Never heard of _tls._tcp. btw... You?

Sounds bogus to me

there's _xmpp-client and _xmpps-client for direct tls

also there's a duplicated direct tls entry pointing to the very same host which makes no sense.

Maranda, the new records should be 100% okay.

Anyway, a lot of people seem to connect to port 5223, not using direct tls.

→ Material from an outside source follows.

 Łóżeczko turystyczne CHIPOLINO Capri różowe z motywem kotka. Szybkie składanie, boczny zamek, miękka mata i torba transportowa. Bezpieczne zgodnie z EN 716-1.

Roi: not sure about the actual configuration of Prosody listeners, but you need to give time for changes to propagate and cached records to actually expire

Anyways

Maranda, sure I know. But we switched to the new server on March 30th. I know no TTLs which last so long. And as you see above, the TTLs were set to 60 seconds before.

I guess they used clients that specified the port manually

Menel, yes that is also my guess. And that seem to be many. A few clients cannot login so frequently to this port and generete all these errors. Maybe spam scripts? No idea...

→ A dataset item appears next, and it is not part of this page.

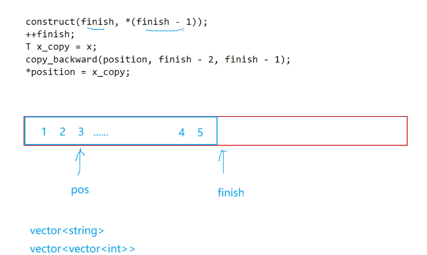 在开辟了新空间里之后,_start和_finish都指向了新的空间,但是此时pos还指向的是原来的旧 空间,但是此时旧空间已经释放,所以会造成pos为野指针

Yes, beside a short info text about the changed port on your website there isn't much to do I guess

Maybe move xmpps-client to 443 or some other port and close 5223 after a while (give some time for DNS) if you want to get rid of the error spam in your logs.

It is already on 443 too

and xmpp-client on 80 too, quite robust

Roi: > Bei uns wird der Port 5223 (im Gegensatz zum alten openim.de Server) nur für SSL und nicht TLS verwendet. You should also fix this. '…für "Direct TLS" und nicht "STARTTLS"…'

Menel, > Yes, beside a short info text about the changed port on your website there isn't much to do I guess https://jabber.hot-chilli.net/2023/03/30/openim-de/

Martin, I won't change the current ports for the new vhost. The other vhosts have a lot more users. I did not see this as a problem because of SRV records. These are there for a reason. But surprise, a lot of users like it the old-fashioned way and do a manual setup.

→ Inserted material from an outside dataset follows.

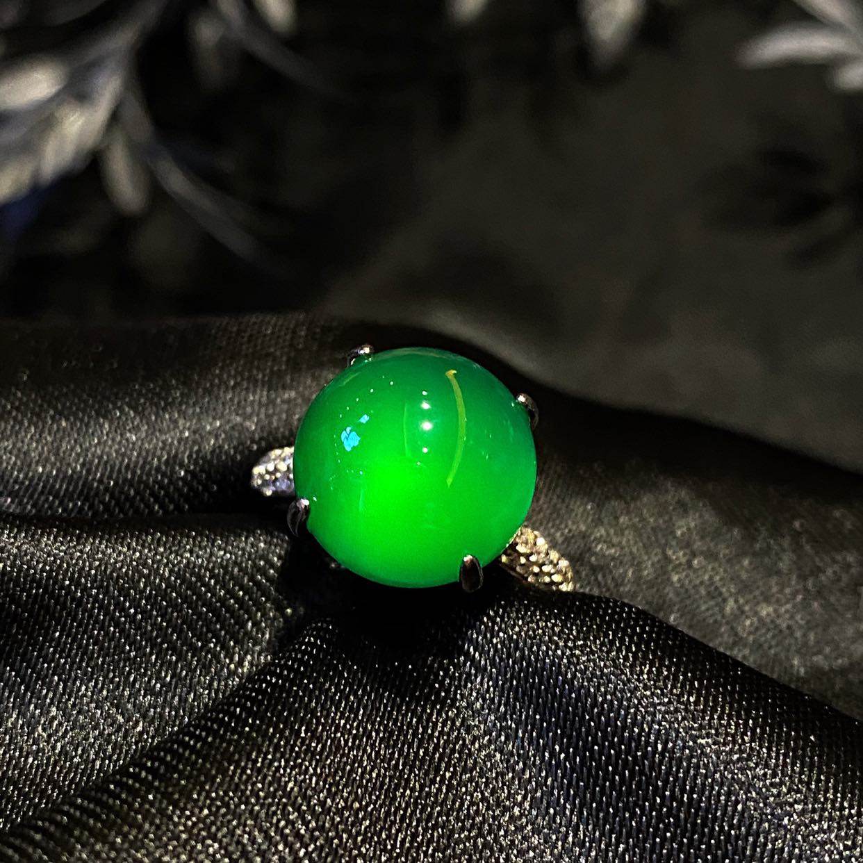 VISING jewelry original design 925 sterling silver platinum inlay Brazilian green chalcedony ring comparable to Jade send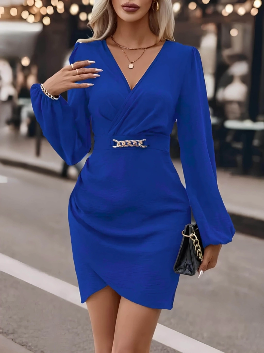 Kadın Uzun Kollu Kruvaze Yaka Yandan Büzgülü Asimetrik Detaylı Ithal Krep Mini Elbise

Menel, > It is already on 443 too > and xmpp-client on 80 too, quite robust Yes. As we have a second IP and I do not need these ports for web, we offer these ports for users who are behind firewalls. No idea if this is still needed, but it helped people a lot 15-10 years ago when I talked a lot to people about that setup.

> You should also fix this. '…für "Direct TLS" und nicht "STARTTLS"…' Yes, thank you. On the server specs page I also still have SSL - as this was the term for a long time. ;-)

Done

But that won't reduce the hammering login tries. ;-)

> _xmpp-client._tls._tcp.openim.de. 60 IN SRV 5 0 5223 openim.de. Maranda, Roi: the original draft of xep 368 had _xmpp-client._tls.domain instead of _xmpps-client._tcp.domain but that one just seems like a mistake

Establishing a secure connection from jotwewe.de to p2.siacs.eu failed. Certificate hash: b0b50b70971d48aa46db72b2c4fd1f218c8caec9. Error with certificate 0: certificate has expired.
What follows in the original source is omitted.